Source material
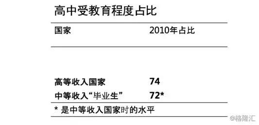 這個是高等收入國家——加拿大、美國,北歐,他們勞動力的將近75%,也就是 4個人裡有3個人,至少是高中畢業的 。
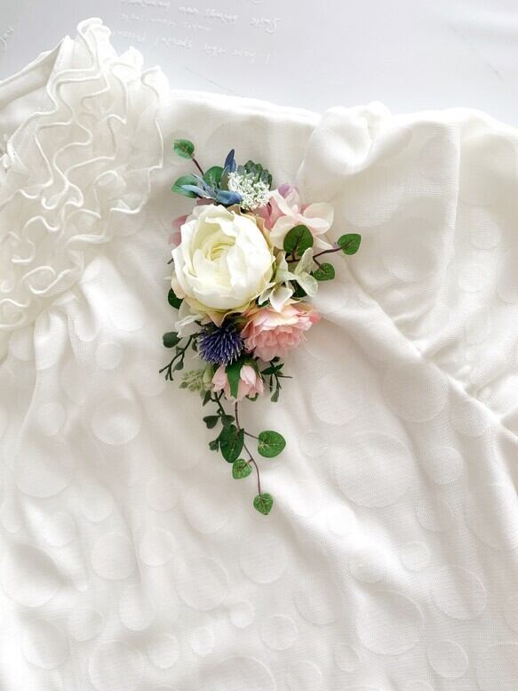 薔薇とナチュラルなお花が流れるコサージュ2way
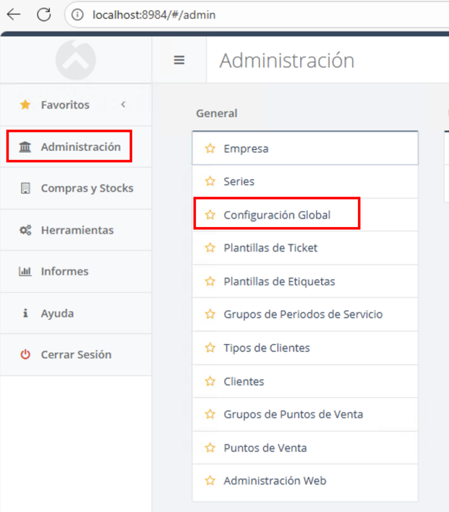 Vaya a Administración > Configuración Global.
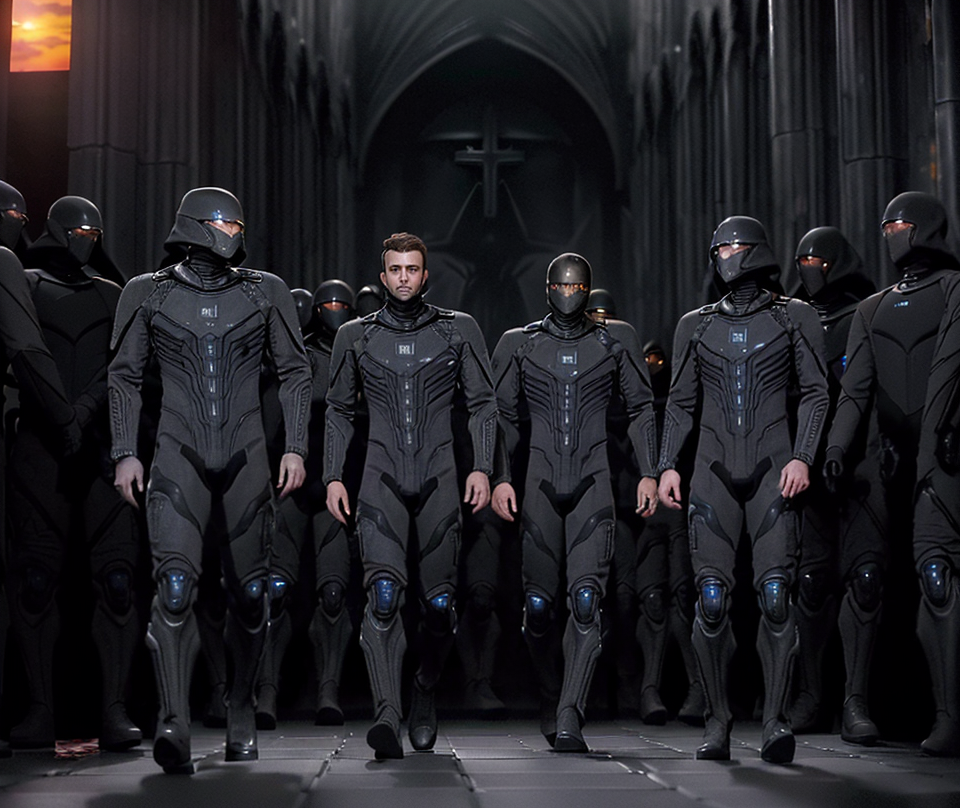 (((full body))),(((5 males, handsome)))+++, (((wearing gray and black nano-suits)))+++, (((in bloody sunsets))), (((inside giger cathedral)))+++, super high resolutions, best quality, masterpiece, depth of field, realistic, photo-realistic, cinematic, (battlefield behind:1.38), (dark and foggy environment:0.6), (spaceship outdoors background:0.6), (heavy fog environment:0.6),

Work to be completed
Pictures must not appear in the copy, which must otherwise match the listing exactly.

Expected answer
 這個是高等收入國家——加拿大、美國,北歐,他們勞動力的將近75%,也就是 4個人裡有3個人,至少是高中畢業的 。
 薔薇とナチュラルなお花が流れるコサージュ2way
 Vaya a Administración > Configuración Global.
 (((full body))),(((5 males, handsome)))+++, (((wearing gray and black nano-suits)))+++, (((in bloody sunsets))), (((inside giger cathedral)))+++, super high resolutions, best quality, masterpiece, depth of field, realistic, photo-realistic, cinematic, (battlefield behind:1.38), (dark and foggy environment:0.6), (spaceship outdoors background:0.6), (heavy fog environment:0.6),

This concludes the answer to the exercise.